Flunisolide—a new intranasal steroid for the treatment of allergic rhinitis


Dr J. N. Sahay, Department of Respiratory Physiology, Wythenshawe Hospital, Manchester M13 9LT.


A double-blind, cross-over comparison of flunisolide nasal spray and its inactive aqueous vehicle has been carried out in fifty patients suffering from perennial allergic rhinitis. Patients were randomly allocated to two groups; the first group (group I) received flunisolide for 3 weeks and then placebo for 3 weeks while the regimes were given in the reverse order to the second group (group II).
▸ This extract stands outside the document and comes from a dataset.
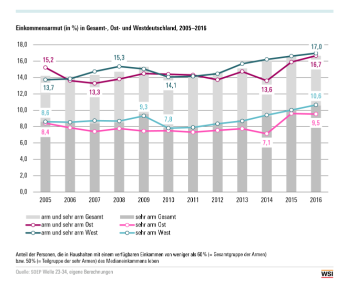 Die Schere bei den verfügbaren Einkommen hat sich in Deutschland weiter geöffnet, die Einkommensungleichheit befindet sich trotz der über Jahre guten wirtschaftlichen Entwicklung auf einem historischen Höchststand. Das zeigen übereinstimmend Berechnungen mit unterschiedlichen statistischen Maßen zur Einkommensverteilung. So lag der Gini-Koeffizient, das gebräuchlichste Maß für Ungleichheit, Ende 2016 sogar noch um zwei Prozent höher als 2005 – dem Jahr, das unter Forschern nach einem drastischen Anstieg der Einkommensspreizung seit Ende der 1990er Jahre als besonders „ungleich“ gilt. Zwei Faktoren haben die materielle Ungleichheit in den vergangenen Jahren vor allem wachsen lassen: Hohe Einkommensgruppen haben von sprudelnden Kapital- und Unternehmenseinkommen profitiert und dadurch die große Mehrheit der Haushalte in Deutschland beim verfügbaren Einkommen deutlich hinter sich gelassen. Gleichzeitig sind die 40 Prozent der Haushalte mit den geringsten Einkommen zurückgefallen – auch gegenüber der Mitte, deren Einkommen wiederum durch die gute Arbeitsmarktlage und spürbare Lohnsteigerungen real solide zunahm. Dementsprechend liegt die Armutsquote ebenfalls auf hohem Niveau. Und die Armutslücke, sie beschreibt das Jahreseinkommen, das armen Haushalten rechnerisch fehlt, um die Armutsgrenze von 60 Prozent des mittleren Einkommens zu überschreiten, ist zwischen 2011 und 2016 preisbereinigt um 29 Prozent gewachsen: Um 779 Euro auf mehr als 3400 Euro. Zu diesen Ergebnissen kommt der neue Verteilungsbericht des Wirtschafts- und Sozialwissenschaftlichen Instituts (WSI) der Hans-Böckler-Stiftung. Basis der Studie sind die aktuellsten vorliegenden Daten aus dem Sozio-oekonomischen Panel (SOEP), der größten repräsentativen Panel-Befragung in Deutschland, für die jährlich über 25.000 Menschen in Deutschland interviewt werden.

Patients used two insufflations of 0.1 ml in each nostril twice daily. As the active spray was presented as a 0.025% solution of flunisolide, the total daily dosage was 200 μg. Patients were assessed on admission and at the end of each 3 week period. The results show flunisolide to be significantly superior to placebo in relieving sneezing, nasal obstruction and postnasal drip, as well as improving the quality of sleep and everyday life. At the end of the trial the preferences for treatment recorded by both doctors and patients were significantly in favour of the flunisolide spray. Side effects were minor and occurred during both placebo and active phases of the trial. A short Synacthen test performed at each visit showed no evidence of adrenal suppression.